Well that's kind of the point then, isn't it.
Einstein assumed the invariant speed of light precisely because it wouldn't need to be an assumption if it could be demonstrated. The predicted observations are what matter, not the metaphysics behind it. Einstein made the simplest metaphysical assumption and the entire theory fell into place from that. No alternative assumptions have churned out mathematics as simple and elegant as those that derive from the simplest premises.
To the OP, the invariant speed of light cannot be proven by Einstein's theory since using a theory that assumes it to prove it would be begging. The only way to prove the invariance is to assume it varies, and then drive that assumption to self-contradiction. That has not been done to my knowledge.
 
  • #13
Halc said:
Einstein assumed the invariant speed of light precisely because it wouldn't need to be an assumption if it could be demonstrated.
No. Einstein took the invariant speed of light as a postulate when he derived SR because it already had been experimentally demonstrated, and he therefore did not have to produce any argument to justify it. Einstein was perfectly familiar with the Michelson-Morley experiment and its result. He was also perfectly familiar with attempts by other physicists to explain the result. He took all that into account before writing and publishing his 1905 paper on SR.

Halc said:
the invariant speed of light cannot be proven by Einstein's theory since using a theory that assumes it to prove it would be begging.
As far as SR derived the way Einstein derived it, that is correct. However, that is not the only way to derive SR. An alternative is the derivations referred to by @Ibix in post #2, which start from other assumptions (basically the principle of relativity and the homogeneity and isotropy of space) and reach the conclusion that there must either be no invariant speed, or some finite invariant speed--or more precisely, that the laws of physics must be either Galilean invariant or Lorentz invariant. We still have to rely on experiments to rule out the Galilean invariant case (by ruling out Newtonian mechanics), but we don't have to just assume a finite invariant speed from scratch with no supporting argument.

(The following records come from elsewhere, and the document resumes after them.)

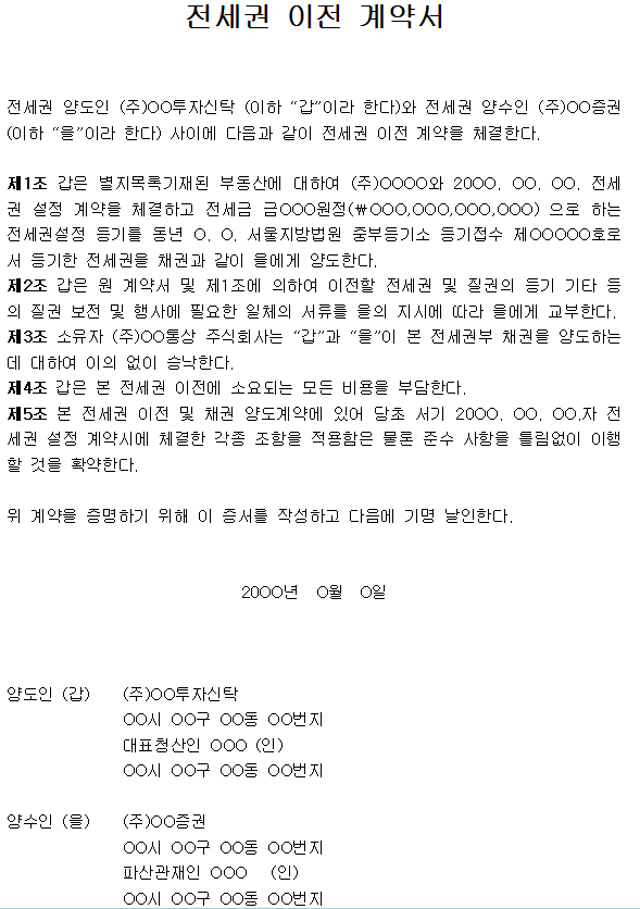 홈 문서/서식 [서식] 전세권이전계약서 [서식] 전세권이전계약서 하보니 2월 27, 2021 서 식 명: 전세권이전계약서서식 포맷: 파일 다운로드: 전세권이전계약서.zip Tags: 계약서문서/서식 Facebook Twitter Whatsapp 다음 이전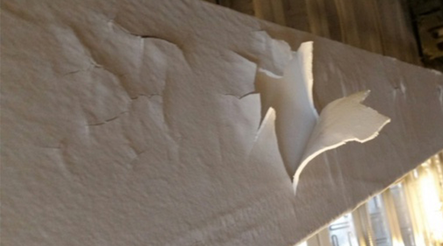 這個(gè)防火涂料的分層現(xiàn)象表明,低附著力防火涂層會(huì)導(dǎo)致粘合失效,從圖片可以看到它們已經(jīng)開(kāi)裂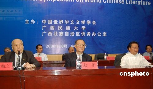 10月27日,為期兩天的第十五屆世界華文文學(xué)國際學(xué)術(shù)研討會(huì)在廣西南寧開幕,中國國務(wù)院僑辦副主任趙陽出席,與會(huì)代表紛紛與趙陽合影。據(jù)悉,本次會(huì)議共有來自歐洲、美洲、大洋洲、東南亞等地區(qū)16個(gè)國家以及中國內(nèi)地、港澳臺(tái)地區(qū)的200余名專家學(xué)者與會(huì)。研討會(huì)主議題為“世界華文文學(xué)學(xué)術(shù)前沿”,四個(gè)分議題分別為“東南亞華文文學(xué)新發(fā)展”、“國際新移民文學(xué)的新思考”、“華文文學(xué)中的女性書寫”和“兩岸四地文學(xué)整體研究”。中新社發(fā) 劉萬強(qiáng) 攝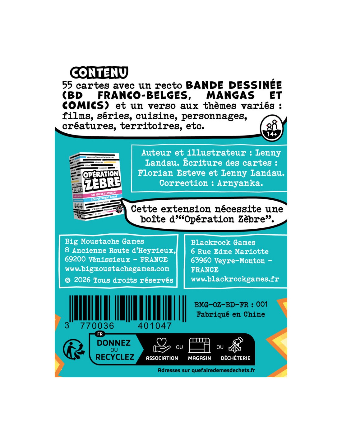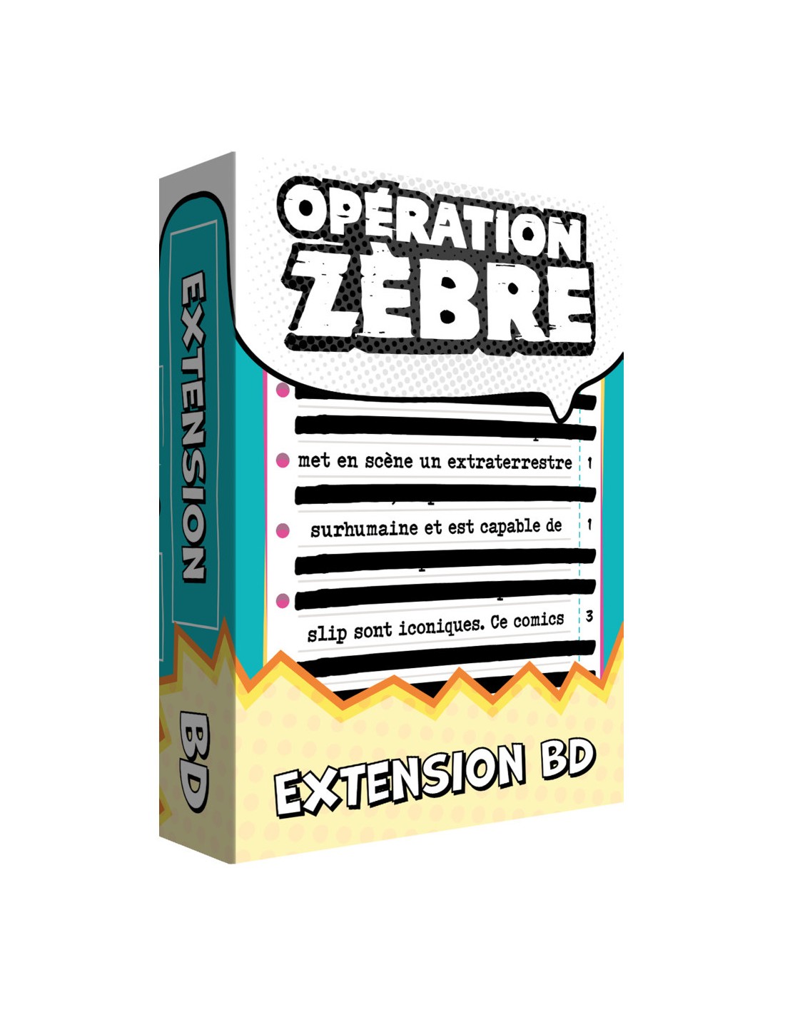 "Opération Zèbre : Extension Bd" est une extension de 55 cartes recto-verso (soit 110 nouvelles cartes à faire deviner) introduisant de nouveaux thèmes,dont la Bande dessinée, à rajouter à votre jeu de base.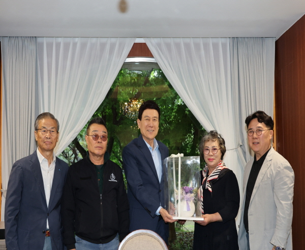 죽도시장 상인 대표들은 이날 간담회 자리에서 이강덕 시장에게 꽃을 전달하며 평소 현장 중심 행정을 이어온 데 대한 감사의 뜻을 전했다.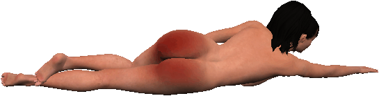 her bottom a fierce shade of red punctuated with purplish welts. Looking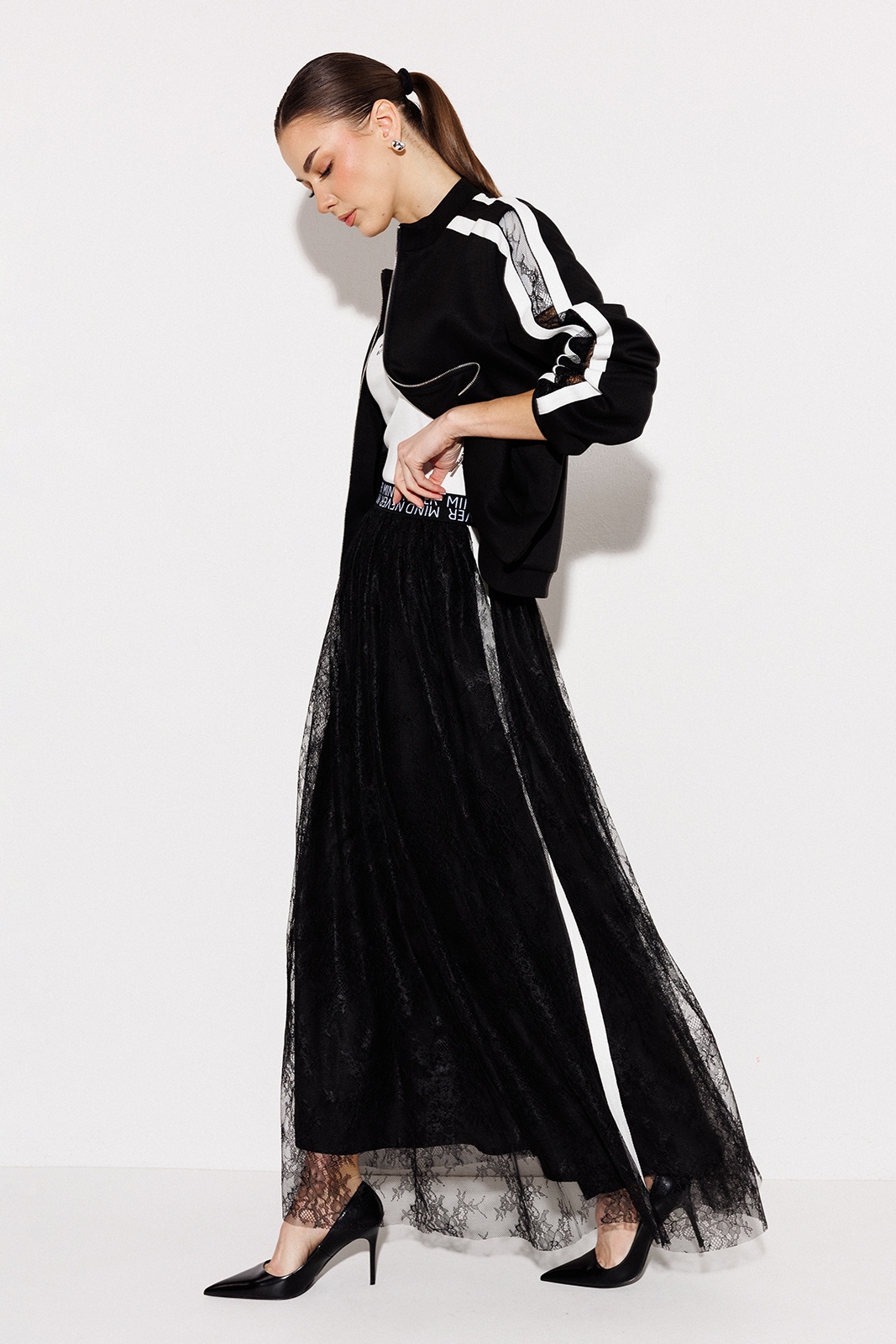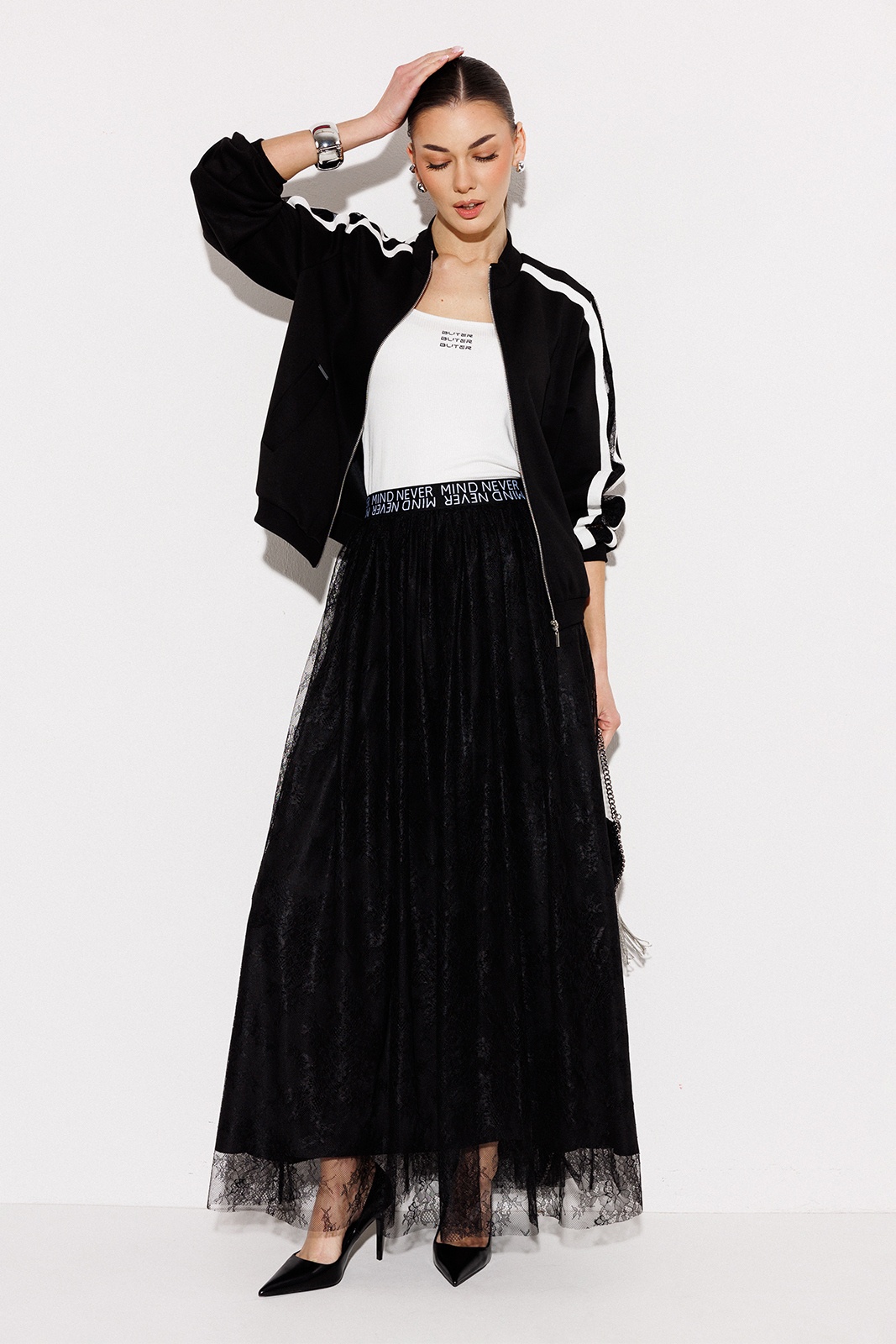 Юбка 3278 черный BUTER предлагает сочетание стиля и комфорта. Коллекция бренда BUTER представляет длинную юбку А-силуэта из кружева на подкладке, что придает изделию легкость и воздушность. Декоративная резинка на поясе с шрифтовой композицией добавляет элегантности и современности. Изготовленная из полиэстера, эта юбка идеально подходит для повседневного и нарядного стиля. Черный цвет делает юбку универсальной, что позволяет комбинировать ее с различными элементами гардероба. Благодаря боковым лампасам юбка приобретает индивидуальность и уникальность. Открывает возможности для весеннего и летнего гардероба.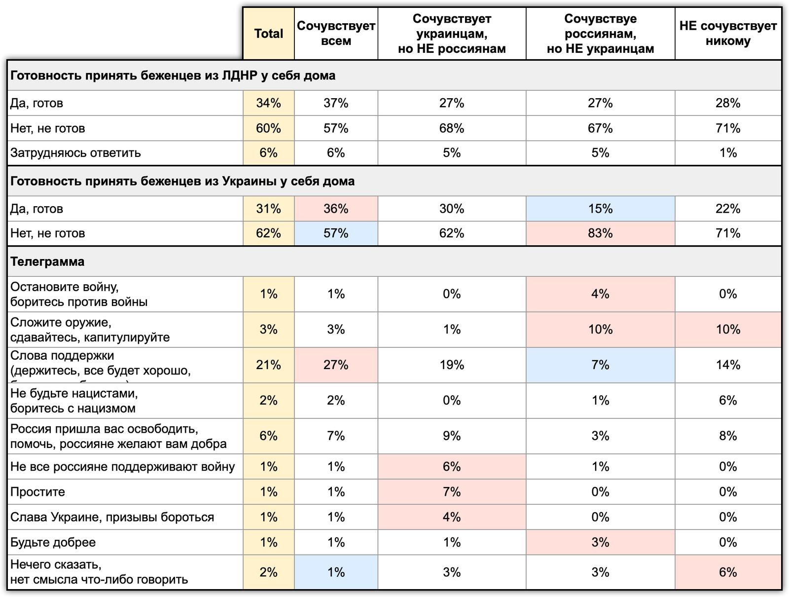 В русских телеграммах проективно можно увидеть природу сочувствия. Более артикулированно поддержку выражали респонденты, сочувствующие украинцам. Они же писали: «Не все поддерживают войну», «Простите», призывали бороться.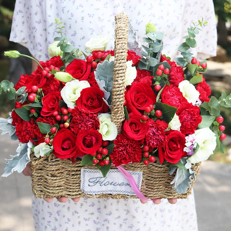 【一圓江月】33朵红色玫瑰、红色康乃馨(其中11朵红玫瑰、22朵红色康乃馨),8支洋桔梗(可用6支白玫瑰代替),搭配红豆、尤加利叶、绿叶、银叶菊装饰。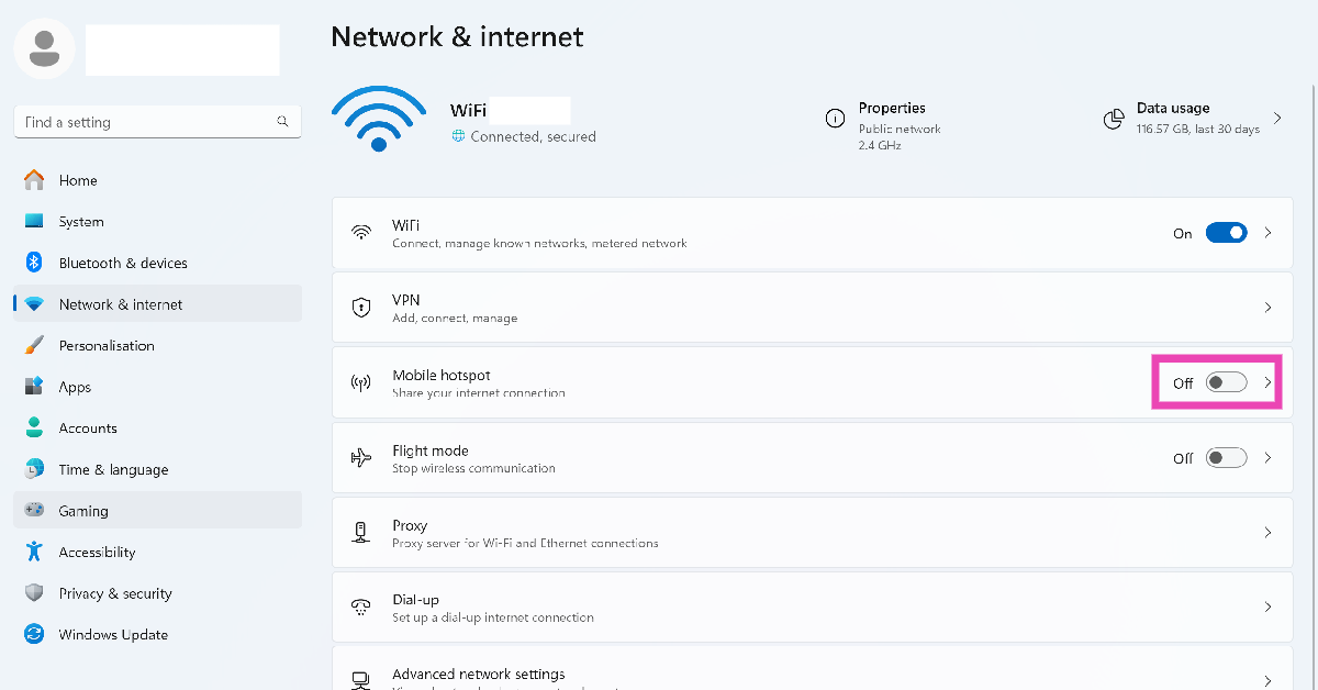 前往设置>网络和互联网,然后打开“移动热点”旁边的切换开关。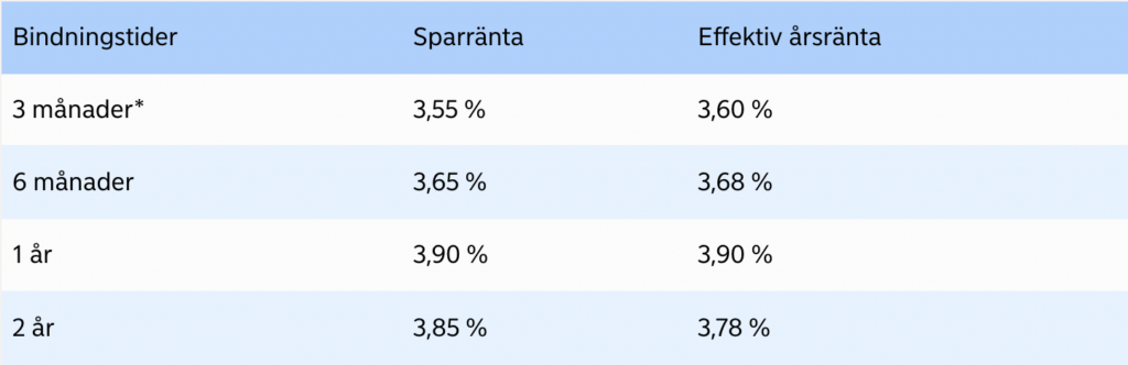 I många fall kan man få en hög sparränta genom att ”endast” binda sitt kapital i tre månader. Detta kan vara ett bra alternativ för den som vill ha ett sparkonto med hög ränta, men som är osäker på hur länge man klarar sig utan sparpengarna.

Another alternative would be to take Maxwell's Equations as given and derive from the Lorentz invariance of those equations the prediction that electromagnetic radiation in vacuum will have a finite invariant speed.

Halc said:
The only way to prove the invariance is to assume it varies, and then drive that assumption to self-contradiction.
If we disallow bringing in any other considerations, yes, that would be true. But we don't have to disallow them. See above.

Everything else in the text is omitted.